Abstract

Epicenters determined for instrumentally observed earthquakes occurring around the turn of the century have figured prominently in estimates of seismic hazard along the Alaska-Aleutian Arc. Unfortunately, because of poor timing control and a sparse station distribution, the locations quoted in the older catalogs can be very unreliable. More reliable epicenter estimates and quantitative assessments of the errors associated with these estimates are needed to address issues related to seismic hazard. Seventeen earthquakes with surface-wave magnitudes above 6.8 that were recorded between 1898 and 1917 are relocated using a modified least-squares criterion.

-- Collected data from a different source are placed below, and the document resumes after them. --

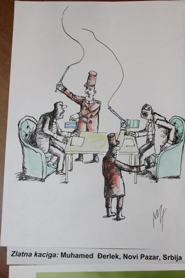 Златна кацига припала је карикатури „Преговори“ чији је аутор Мухамед Ђерлек, карикатуриста из Новог Пазара.
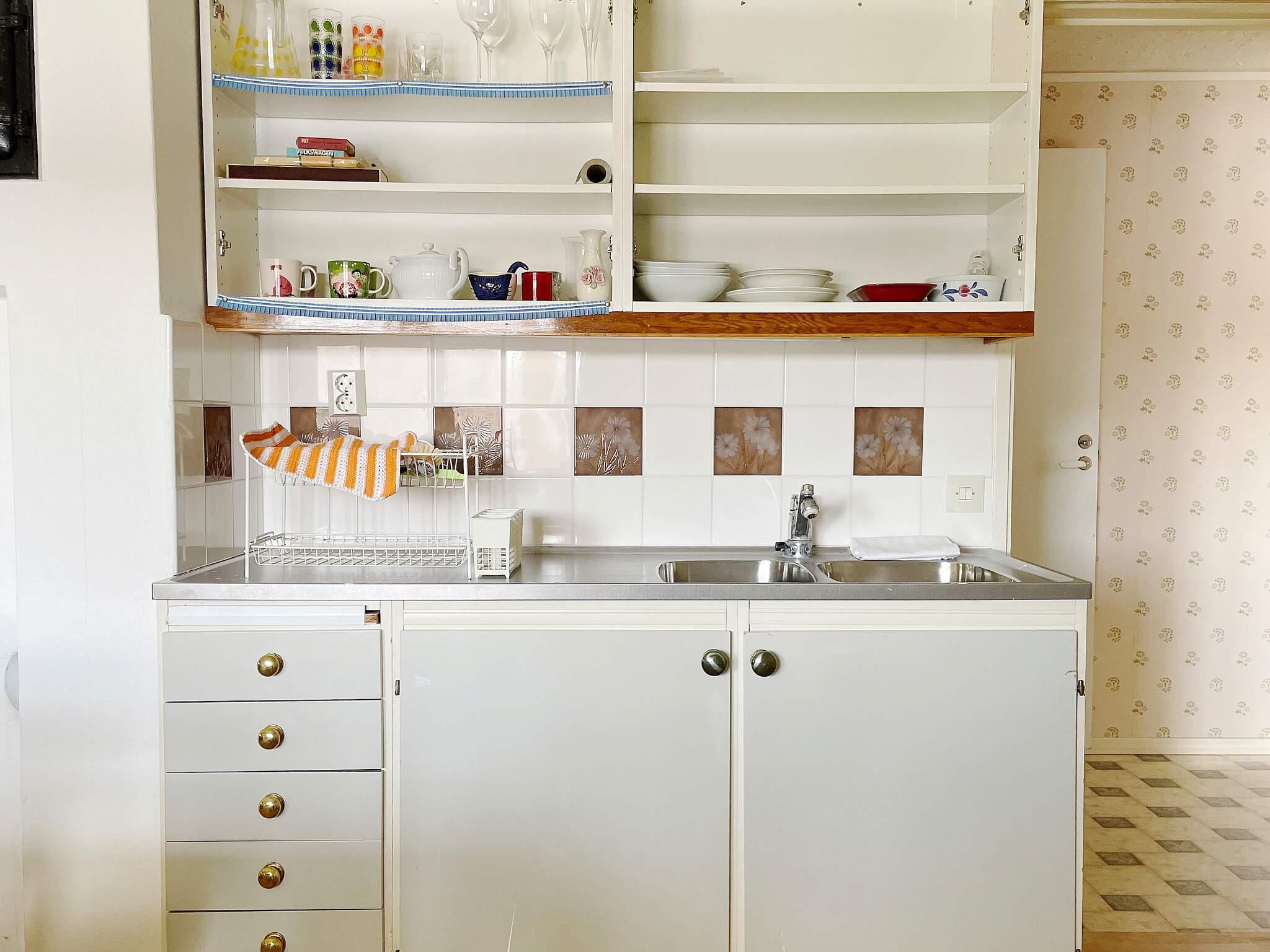 Ein sehr schönes Ferienhaus auf zwei Etagen und einer schönen Terrasse, herrlichem Seeblick und, was das Beste ist, einem privaten Steg! Das Ferienhaus empfängt Sie mit einem geräumigen Flur, der in das Wohnzimmer und die Küche mit offenem Grundriss führt. Das Wohnzimmer verfügt über ein Schlafsofa für zwei Personen. Die großzügige Küche verfügt über eine Kücheninsel, einen Backofen und eine Mikrowelle in angenehmer Arbeitshöhe. Betreten Sie die Veranda für Mahlzeiten und entspannte Momente mit Blick auf den See! Im Erdgeschoss befinden sich außerdem ein Schlafzimmer mit Doppelbett und ein Badezimmer mit Dusche und WC.
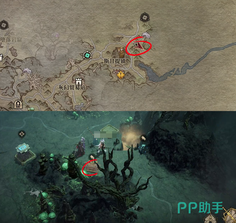 至此,这10个宝藏地图碎片的地点就找到了,将其拼在一起之后就可以找到最终宝藏,而最终宝藏是位于灰门贸易站的上方,在一条主干道的右侧,只要从这里经过是肯定能遇到的。
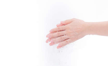Woman washing hand with water isolated on white background. Good personal hygiene concept. First step to clean dirty hands for prevent flu and coronavirus. Adult woman hand soak and wet with water.
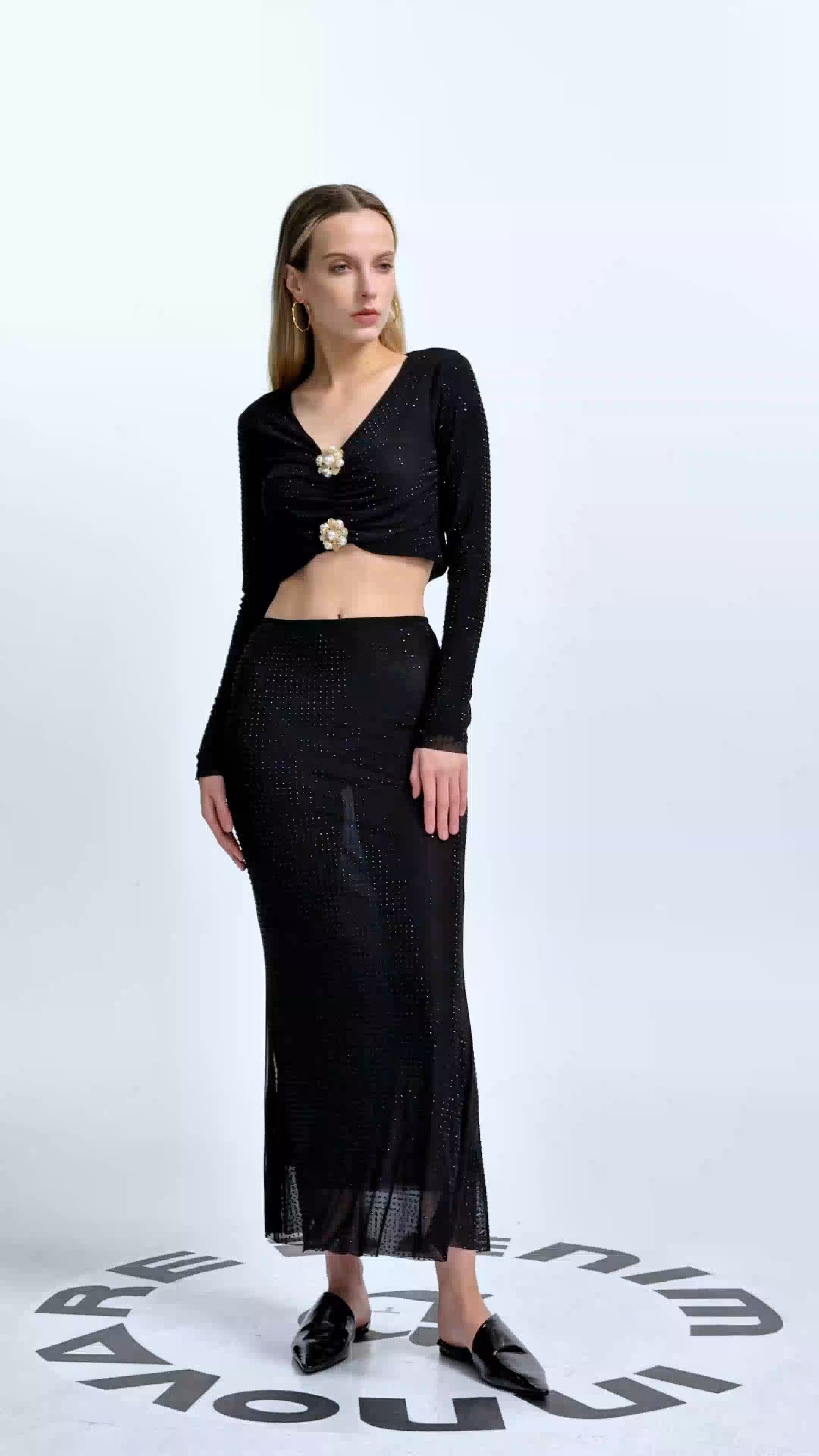 Anabia Dot Flower Ruffle Skirt Set

Epicentral estimates are determined using P, S, and S-P arrival times with the a priori constraint that the final location must be near the geographically defined arc. Although epicenters determined using a standard least-squares criterion can be located up to 800 km from the arc, the arc-proximity constraint provides tectonically more meaningful locations, which to a high degree of confidence fit the travel-time observations as well as the unconstrained locations. Epicentral shifts of up to 1,200 km are observed between the relocations and those reported in the earlier catalogs. Seventy-five per cent confidence bounds on the along-arc location of each event vary from 30 to 400 km. Several large events (Ms > 6.9) occurred within or near the rupture zone of the 1965 Rat Islands earthquake and may indicate that this zone failed in a sequence of events around the turn of the century. Of the four events previously suggested as being possible candidates for rupturing either the Shumagin or Unalaska Seismic Gaps, none relocate near these arc segments. The relocation of a large (Ms = 7.9) earthquake which occurred in 1917 within the Shumagin Islands region, however, provides the first strong evidence of largescale seismic moment release within this intensely studied seismic gap.